=== DATA PROVIDED ===
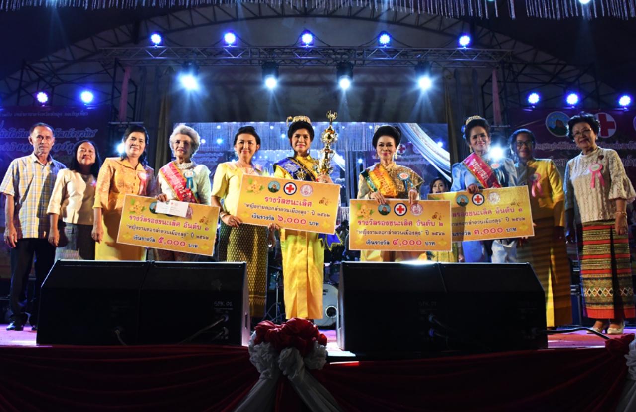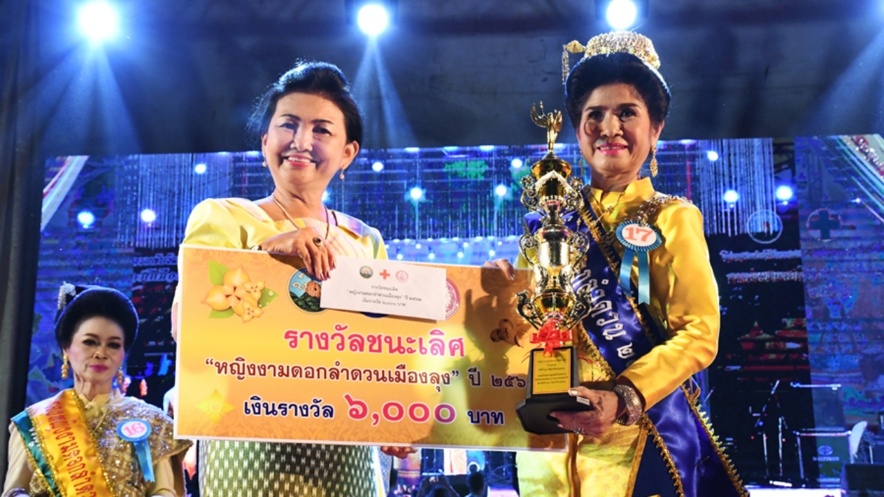 คุณป้าสวยไม่สร่างวัย 62 ปี คว้ารางวัลชนะเลิศการประกวด “หญิงงามดอกลำดวนเมืองลุง” เนื่องในงานสมโภชกระพุทธฯ ท่ามกลางลูกหลานของผู้เข้าประกวดที่มาร่วมให้กำลังใจ
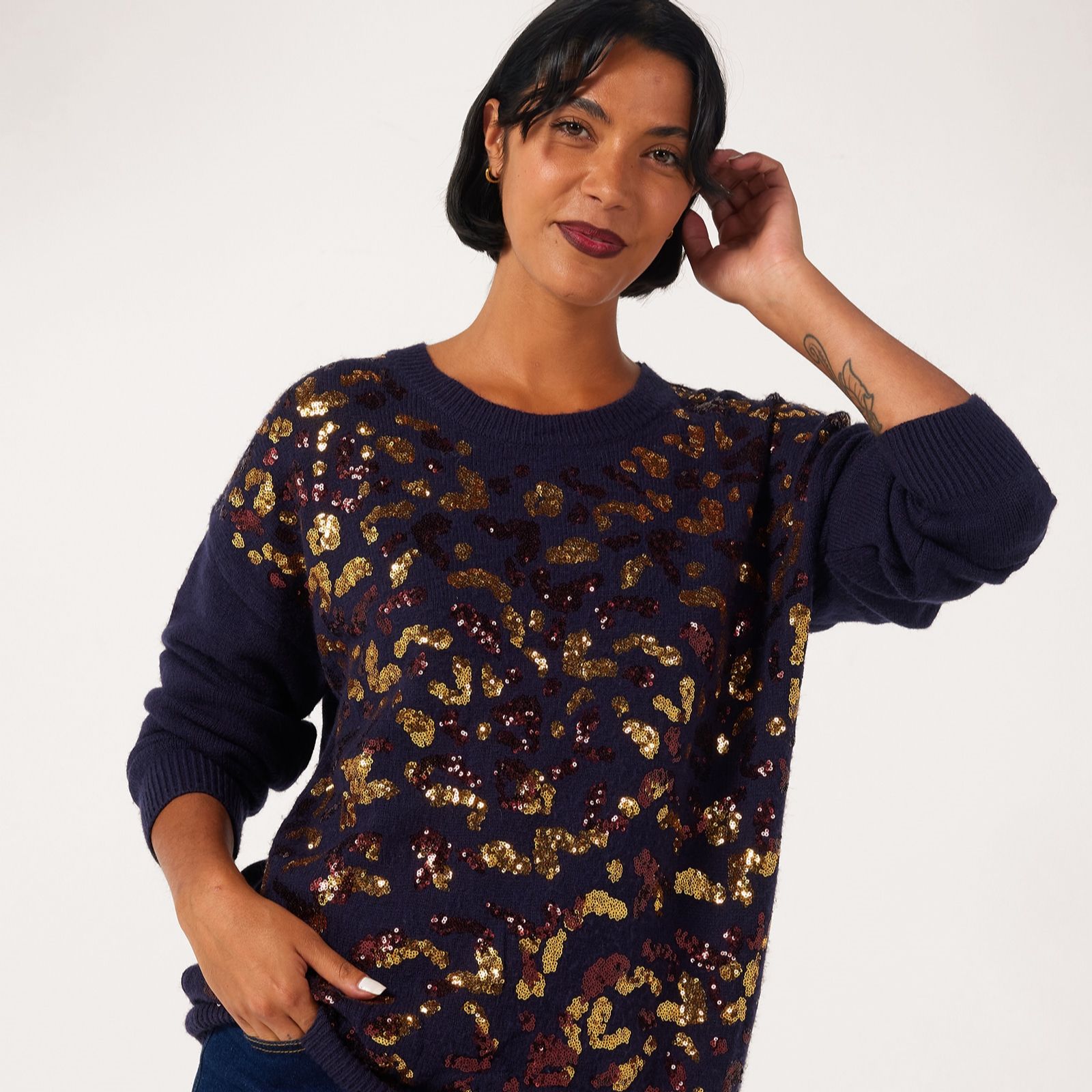 Bring a touch of sparkle to your everyday style with this animal print sequin jumper from Izabel London. The bold print is lifted with shimmering sequin embellishments, creating a look that's both playful and chic. Perfect for dressing up your casual denim or adding personality to your workwear, its a versatile piece that transitions effortlessly from day to night. Try pairing it with tailored trousers and ankle boots for a polished yet relaxed vibe.
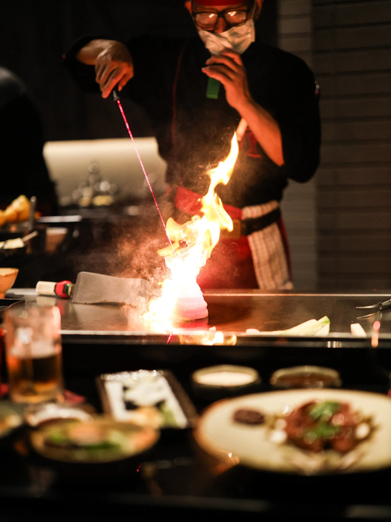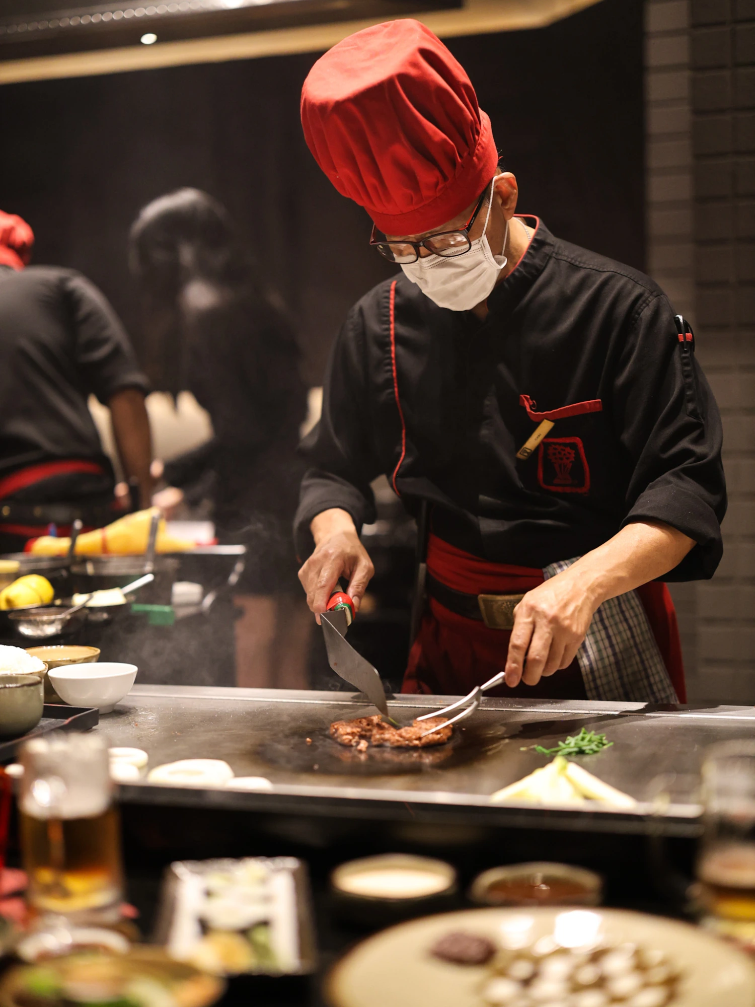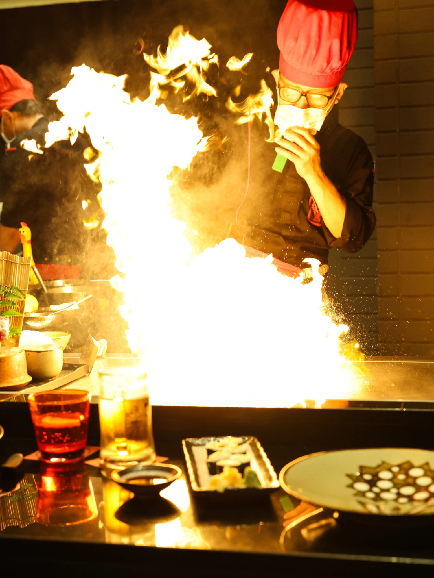 Yhtenä iltana kävimme teppanyaki-illallisella Benihana-ravintolassa, joka sijaitsee Riverside Plazassa. Teppanyaki on japanilainen ruoanlaittotyyli, jossa kokki valmistaa ruoan kuumalla rautalevyllä suoraan asiakkaan pöydän edessä. Jokaisella pöydällä on oma kokki, ja ruokalistalta valitaan oma teppanyaki-setti. Tarjolla on kalaa, äyriäistä, erittäin laadukas kasvismenu ja ehkä se herkullisin: kobe-lihaa. Ei ole varmastikaan vaikeaa arvata, minkä menun minä valitsin. Tottakai kobe-lihaa, ja kaveriksi jättikatkarapuja. Taivaallista.
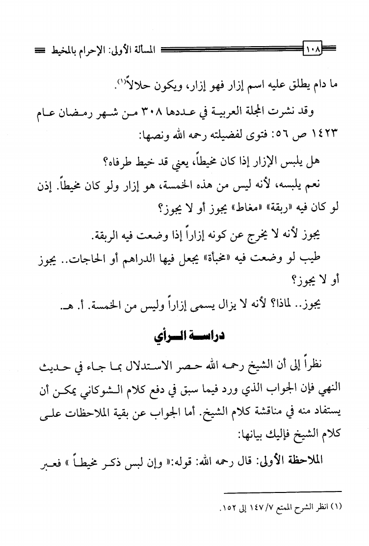 نام کتاب : مشكل لباس الإحرام دراسة ست مسائل من أحكام لباس الإحرام مع تخريج الأحاديث والتعريف بأسماء الألبسة نویسنده : إبراهيم بن محمد الصبيحي جلد : 1 صفحه : 108
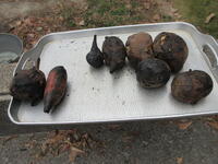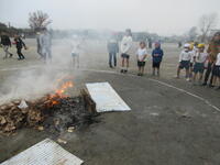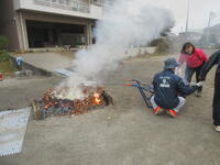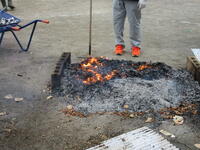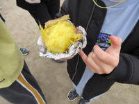 かりんぽけもん農園で5月から育て、先日収穫を行い追熟させていたお芋で焼き芋を行いました。グランドの落ち葉や昨年門松を作った際に余った竹、1年生が図工で使用した新聞紙などを使用し、2時間目の終わりに火をつけました。昨日までの温かさとはうってかわって、時折小雨が降る中での焼き芋でした。ふれあいタイムには、かりん学級以外の児童も集まってきました。1年生の先生が、「どんな匂いがする?」「音はどんな音?」と普段見ることができないたき火と焼き芋の様子を説明していました。また、煙を見ながら風上や風下といった言葉も勉強しました。焼き上がった焼き芋を食べているかりん学級の皆は、満面の笑みで「美味しい!」「また来年も焼き芋やりたい!」「いつ植えたんだっけ?また植えよう!」と自分たちで育てたサツマイモを堪能していました。燃えかすの灰は、畑にまいて土壌の改善に使い、次の作物に備えます。消防にも届け出をし、風を考えながら実施しましたが、近隣の皆様にはご理解いただき、ありがとうございました。
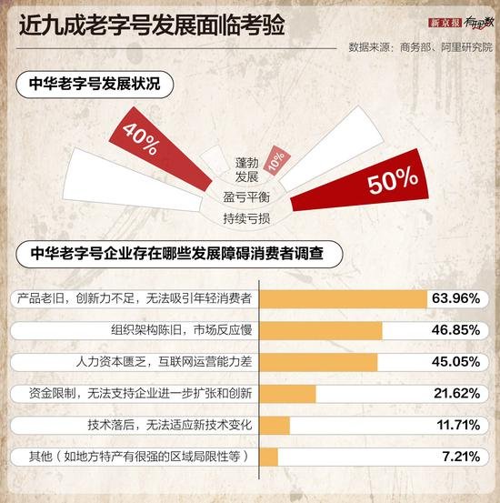 近代以来,在现代工业发展、商业模式等因素的冲击下,不少老字号企业面临着严峻挑战,业务第一曲线下滑。据商务部统计,在现存的1128家中华老字号中,仅10%的企业蓬勃发展,40%的老字号勉强实现盈亏平衡,而近一半都是持续亏损状态。
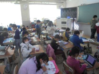 図画工作科で,GIGA端末を使って学習を行っています。
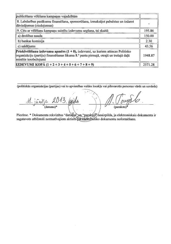 Politiskās partijas "DAUGAVPILS ATDZIMŠANA" 2013.gada 1.jūnija pašvaldību vēlēšanu ieņēmumu un izdevumu deklarācija
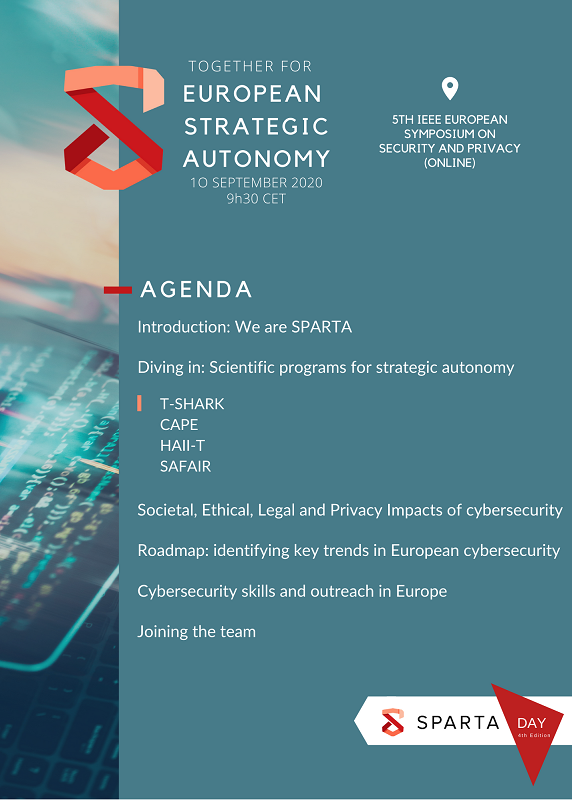 The 4th edition of the SPARTA Days will happen on the 10th September, 9H30 CET, on the 5th IEEE European Symposium on Security and Privacy! The event will be held online, a link to join will be sent later. Registrations to EuroS&P are not necessary not join this specific event. If you are interested in the rest of the Euro S&P symposium, the registrations are done through this link: https://ieee-euro-sp-2020.consorzio-cini.it/registration
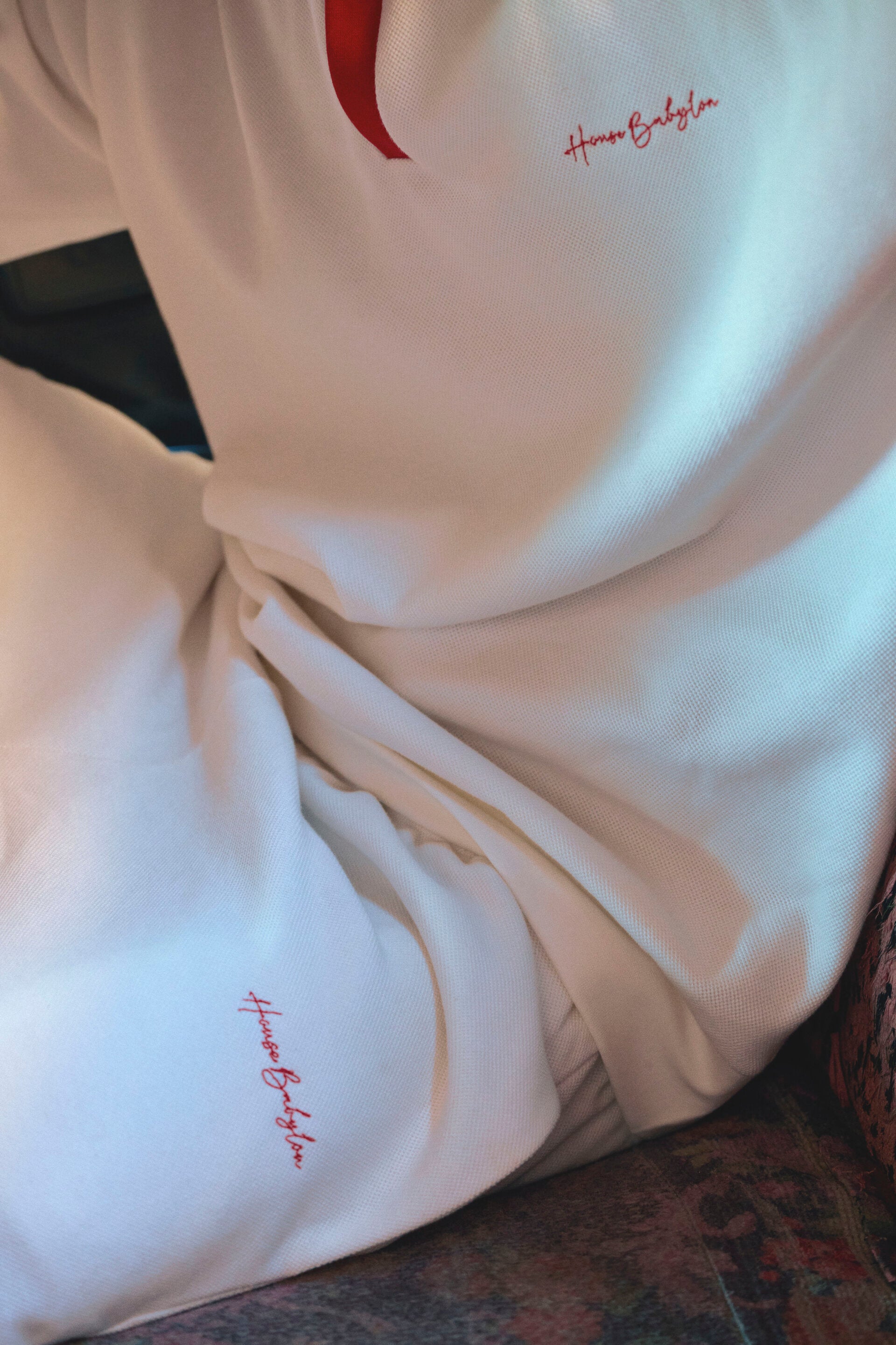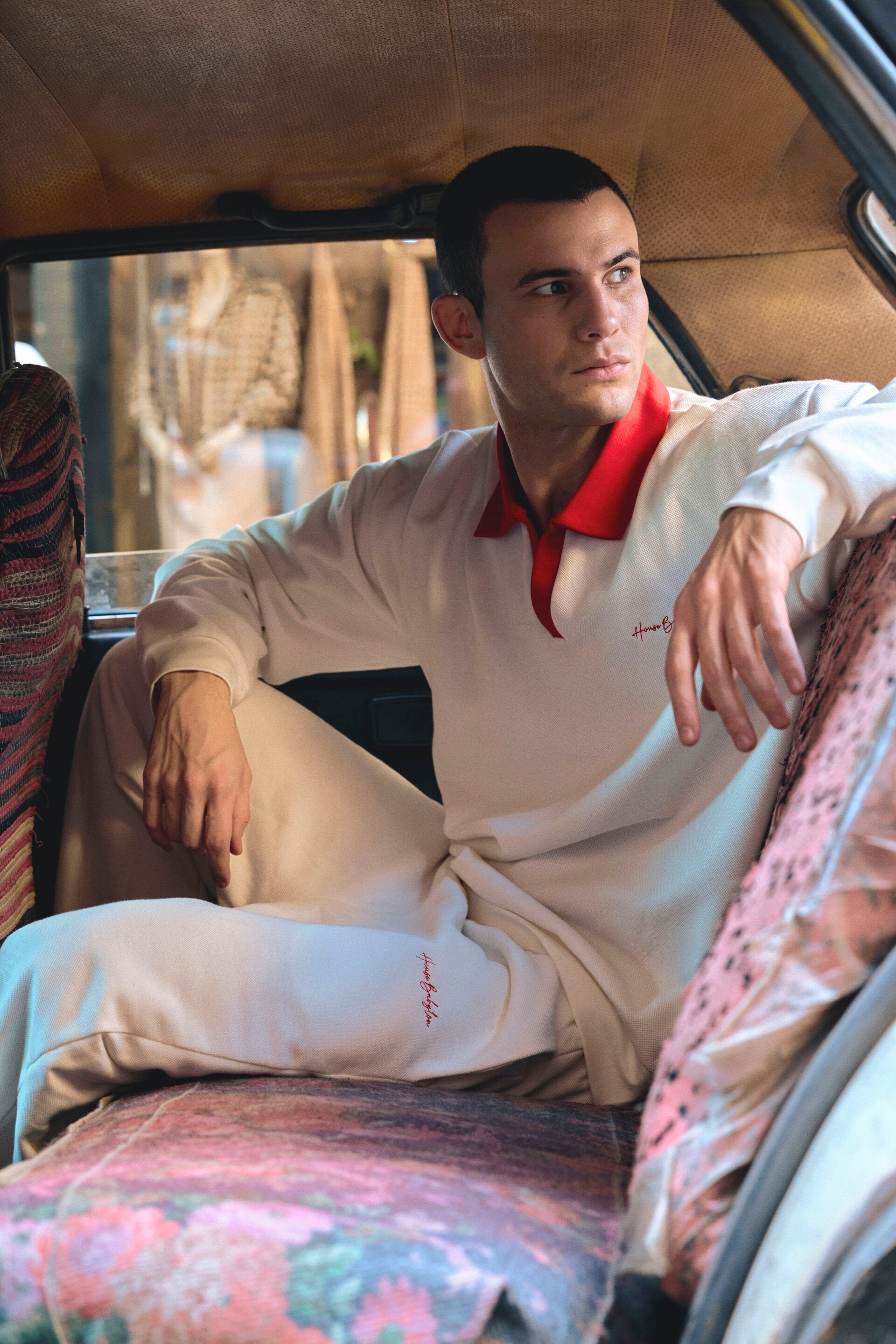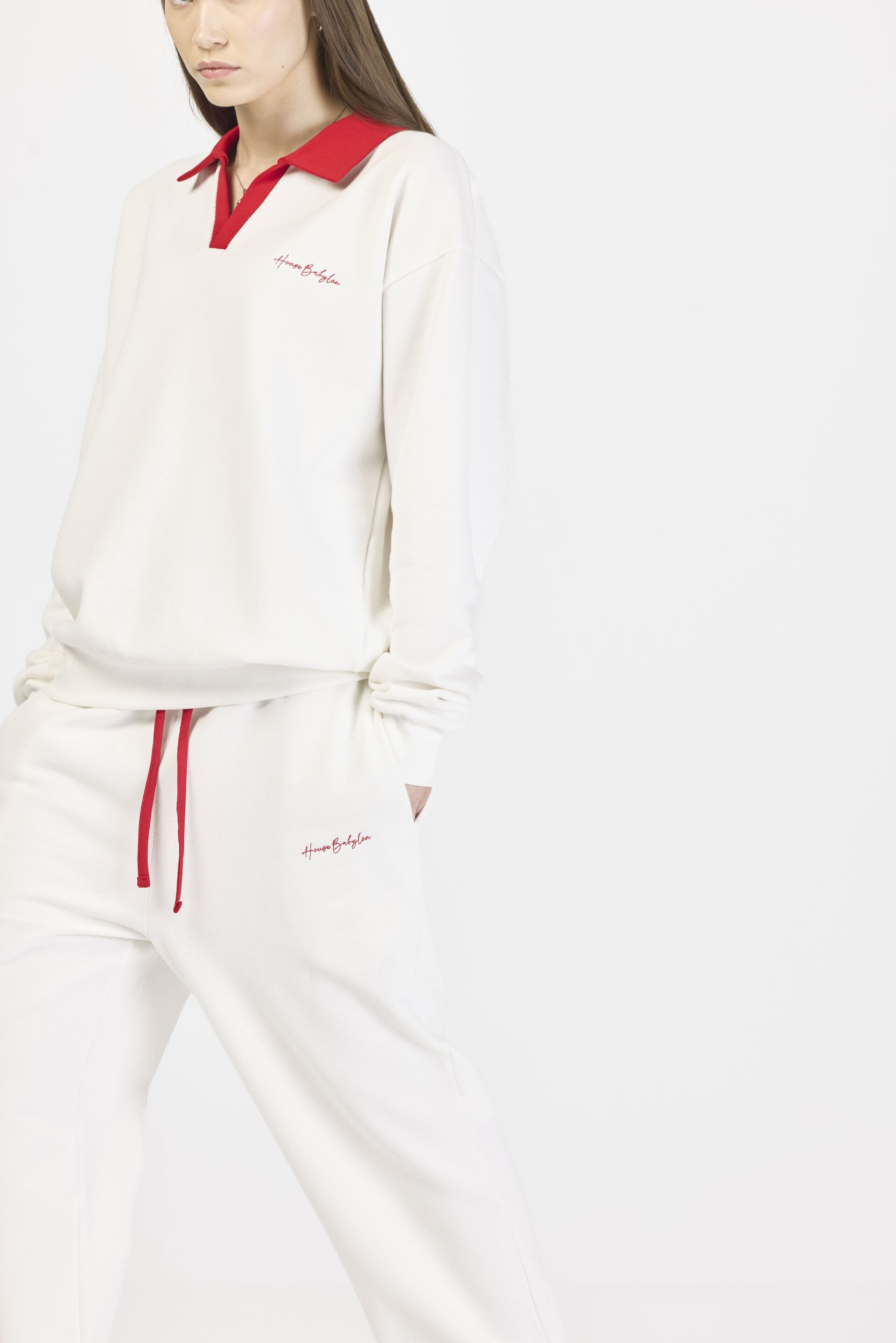 This long-sleeve polo is crafted from soft velour-knit fabric, and features a contrasting polo collar, embroidered chest logo, and ribbed cuffs and hemline. Designed with a relaxed fit for all-day comfort, it pairs seamlessly with the matching piqué trousers to complete the look.

=== GOAL OF THE EXERCISE ===
Only the lines from the one holding "図画工作科で,GIGA端末を使って学習を行っています。" through the end of the data are to be printed, exactly as they stand and with no pictures.

=== SOLUTION FOR THIS EXERCISE ===
 図画工作科で,GIGA端末を使って学習を行っています。
 Politiskās partijas "DAUGAVPILS ATDZIMŠANA" 2013.gada 1.jūnija pašvaldību vēlēšanu ieņēmumu un izdevumu deklarācija
 The 4th edition of the SPARTA Days will happen on the 10th September, 9H30 CET, on the 5th IEEE European Symposium on Security and Privacy! The event will be held online, a link to join will be sent later. Registrations to EuroS&P are not necessary not join this specific event. If you are interested in the rest of the Euro S&P symposium, the registrations are done through this link: https://ieee-euro-sp-2020.consorzio-cini.it/registration
 This long-sleeve polo is crafted from soft velour-knit fabric, and features a contrasting polo collar, embroidered chest logo, and ribbed cuffs and hemline. Designed with a relaxed fit for all-day comfort, it pairs seamlessly with the matching piqué trousers to complete the look.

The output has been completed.